Evaluation Methodology
String-Level Evaluators
We use fast, deterministic methods for text-based outputs including exact match, ROUGE/BLEU metrics, regex heuristics, and static analysis. These evaluators are particularly effective for tasks with well-defined expected outputs where we can compare the model response against a known correct answer.

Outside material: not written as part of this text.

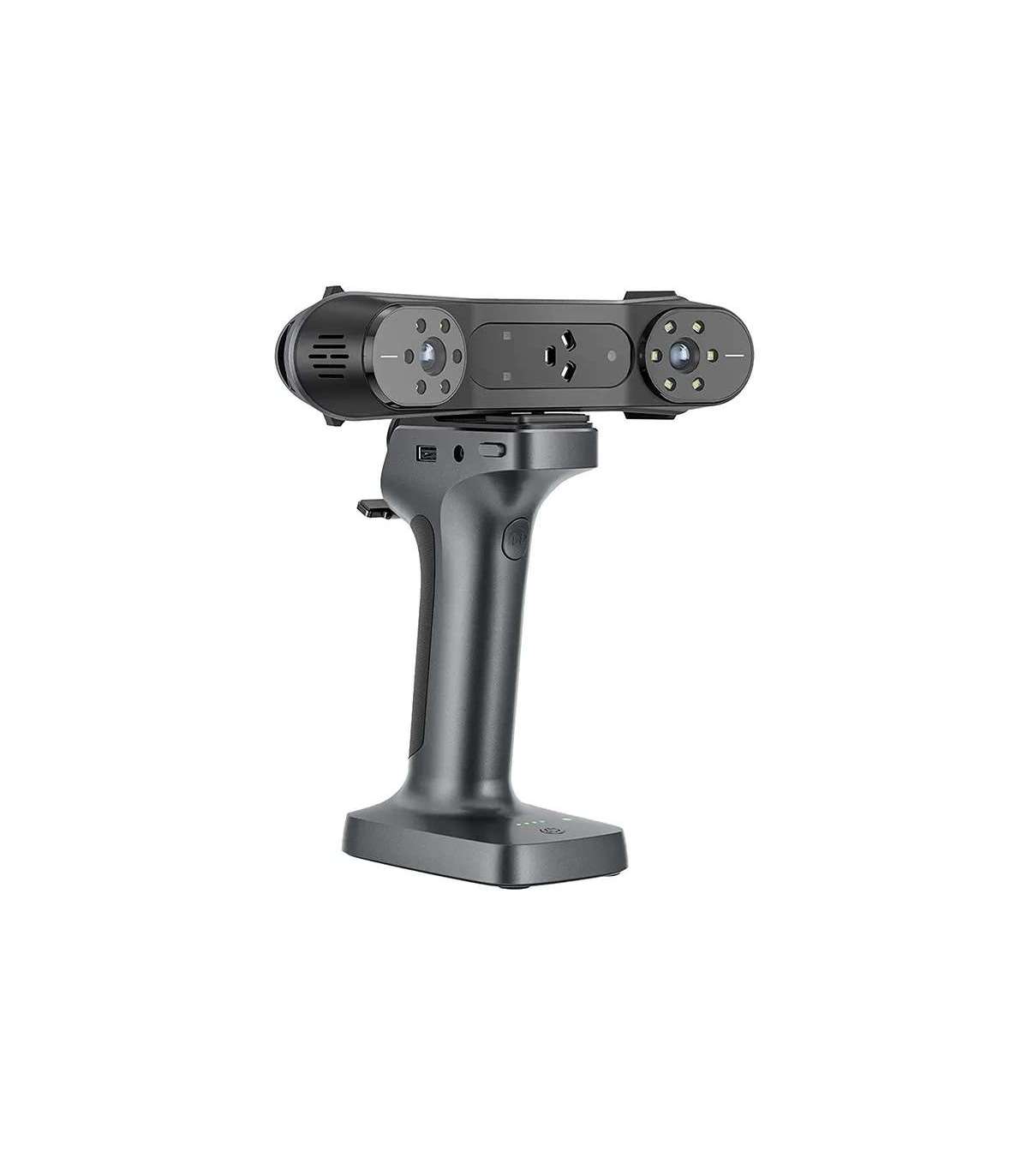 The RaptorX achieves an accuracy of 0.02 mm + 0.06 mm/m and a resolution of up to 60 fps, allowing it to capture even the smallest detail. Its full-color scanning capability makes it ideal for projects requiring surface analysis. The device handles objects ranging in size from 5 mm³ to 4 m³, making it a versatile tool for scanning small parts, silhouettes or large mechanical parts.

Execution-Level Evaluators
For tasks where the output needs to be executed, we test functionality rather than just syntax. For example, with SQL generation tasks, we run the generated queries against mock databases and compare the results. This ensures that the model output not only looks correct but actually produces the intended results when executed.
LLM-Based Evaluators
We use LLMs to judge other LLMs on semantic accuracy, factual correctness, style, and safety. This approach is particularly useful for open-ended or context-heavy tasks where there is no single correct answer. LLM-based evaluation allows us to assess the quality of responses that require nuanced understanding and reasoning.